Michael Bloomberg, the popular and hugely wealthy Mayor of New York, has finally put an end to speculation that he might make an independent run for the White House this year. Instead, he is promising to throw his support behind any candidate who takes a non-partisan and practical approach to solving America's problems.
Announcing his decision yesterday in a column in The New York Times, Mr Bloomberg wrote that after careful consideration: "I am not – and will not be – a candidate for president." But, he continued: "If a candidate takes an independent, non-partisan approach, and embraces practical solutions that challenge party orthodoxy, I'll join others in helping that candidate win."
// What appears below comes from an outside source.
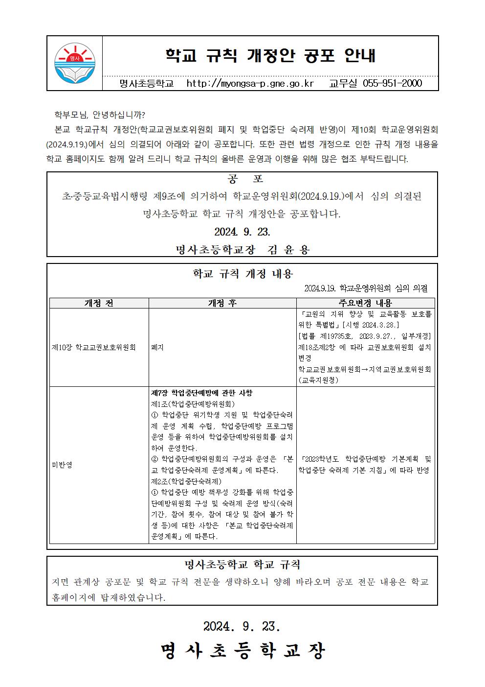 명사초등학교 규칙 개정 공포(2024.09.23.)

Although the two-term Mayor had for months been careful not to rule out entering the race, his decision was widely expected, after the emergence of John McCain, the maverick Arizona senator, as the all-but-certain Republican nominee, and the growing likelihood that in November Mr McCain will face not the polarising Hillary Clinton, but Barack Obama, who has made bipartisanship a central tenet of his campaign.
Both Mr McCain and Mr Obama thus have strong appeal to the centrist and independent vote where Mr Bloomberg would have sought support. All along, moreover, he had insisted he would run only if he had a genuine chance of victory, and not as a spoiler. Assuming a McCain/Obama contest, he would almost certainly have been precisely that.
With Mr Bloomberg on the sidelines, the only noteworthy independent in the race will be the populist consumer advocate Ralph Nader, whose 2.7 per cent of the vote in 2000 is widely held responsible for the defeat of the Democratic candidate, Al Gore.
But in 2004 he captured only 0.4 per cent of the vote, and was not a factor in George Bush's victory over John Kerry. This time, he will do well to win even that tiny share of the vote, now that his signature issues such as the environment are high on the agendas of both mainstream parties.
Mr Bloomberg, however, would have been a different proposition. Although he was elected Mayor as a Republican – only to drop his party affiliation last year – he had previously been a lifelong Democrat.
By most reckonings he would have eaten disproportionately into the potential Democratic vote, in a year when independents are leaning heavily in that party's direction.